メモの目的

  • 以下の問いへの回答を書いておく
    • $D_{\text{KL}}(P||Q)$ の、PとQはどっちが予測分布でどっちが正解分布か
    • torch.nn.functional.kl_div の引数には何を渡せばよいのか

一般的な式

\[D_{KL}(P || Q) = \sum_{i} P(i) \log\frac{P(i)}{Q(i)}\]
  • a measure of how much an approximating probability distribution Q is different from a true probability distribution P [Wikipedia (2025-12-15)]
    • (他の参考書を参照したほうが良いのだが、まぁ。)
  • つまり、$P$ を真の分布 (正解分布)、$Q$ を予測分布とする。

torch.nn.functional.kl_div の引数

  • 結論
    • input は予測分布の対数を渡す
    • target は正解分布を渡す
  • 公式ドキュメント より (2025-12-15, v2.9.1):
    • torch.nn.functional.kl_div(input, target, size_average=None, reduce=None, reduction='mean', log_target=False)
    • input : Tensor of arbitrary shape in log-probabilities
    • target : Tensor of the same shape as input.
    • size_average: Deprecated
    • reduce: Deprecated
    • reduction: Specifies the reduction to apply to the output. Default: ‘mean’
      • 'none': no reduction will be applied
      • 'batchmean': the sum of the output will be divided by batchsize
      • 'sum': the output will be summed
      • 'mean': the output will be divided by the number of elements in the output

上の結論に至った検証コード

import torch

p = torch.tensor([
    [1.0, 0.0, 0.0],
    [0.0, 1.0, 0.0],
])
q = torch.tensor([
    [0.5, 0.4, 0.1],
    [0.1, 0.3, 0.6],
])

no_reduction = torch.tensor([
    [-torch.log(torch.tensor(0.5)), 0.0, 0.0],
    [0.0, -torch.log(torch.tensor(0.3)), 0.0],
])

引数の確認とbatchmeanの動作確認


def test_kl_div(p, q):
    kl_div = torch.nn.functional.kl_div(input = q.log(), target=p, reduction='batchmean')
    should_equal = no_reduction.sum(dim=1).mean(dim=0)
    assert torch.allclose(kl_div, should_equal), f"{kl_div} != {should_equal}"
test_kl_div(p, q)

reduction='none' の動作確認

def test_kl_div_none(p, q):
    kl_div = torch.nn.functional.kl_div(input = q.log(), target=p, reduction='none')
    assert torch.allclose(kl_div, no_reduction), f"{kl_div} != {no_reduction}"
test_kl_div_none(p, q)

reduction='sum' の動作確認

def test_kl_div_sum(p, q):
    kl_div = torch.nn.functional.kl_div(input = q.log(), target=p, reduction='sum')
    should_equal = no_reduction.sum(dim=1).sum(dim=0)
    assert torch.allclose(kl_div, should_equal), f"{kl_div} != {should_equal}"
test_kl_div_sum(p, q)

reduction='mean'

WARNING: doesn’t return the true kl divergence value, please use reduction = ‘batchmean’ which aligns with KL math definition.
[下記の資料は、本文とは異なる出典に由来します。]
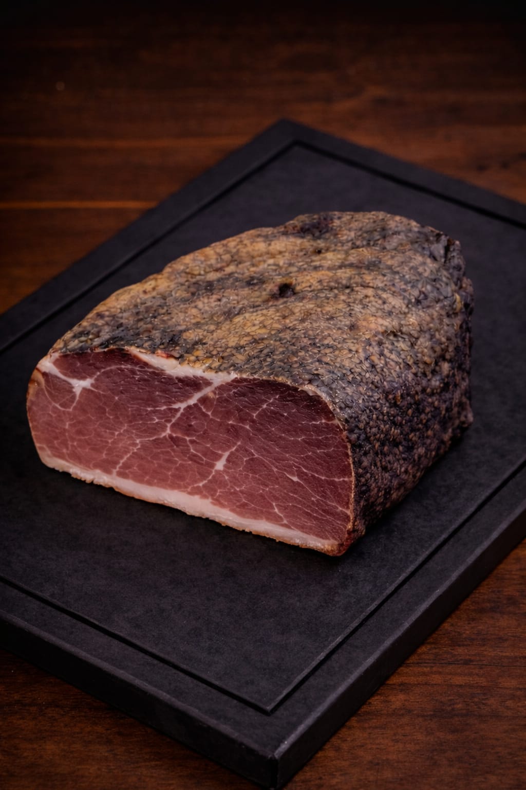 O Presunto Cru Rústico segue a tradicional receita italiana com um sabor incomparável e feito artesanalmente, condimentada com sal, pimenta e outras ervas aromáticas massageadas à mão. É elaborado com o pernil e passa por uma maturação lenta de 120 a 150 dias em nossa câmara climatizada perdendo umidade para concentrar ainda mais o sabor e adquirir a textura característica. Pode ser usado tanto para entradas, aperitivos, bruschettas, tapas, lanches e até para receitas mais sofisticadas e harmoniza com vinho tinto e queijos.

def test_kl_div_mean(p, q):
    kl_div = torch.nn.functional.kl_div(input = q.log(), target=p, reduction='mean')
    should_equal = no_reduction.mean(dim=1).mean(dim=0)
    assert torch.allclose(kl_div, should_equal), f"{kl_div} != {should_equal}"
test_kl_div_mean(p, q)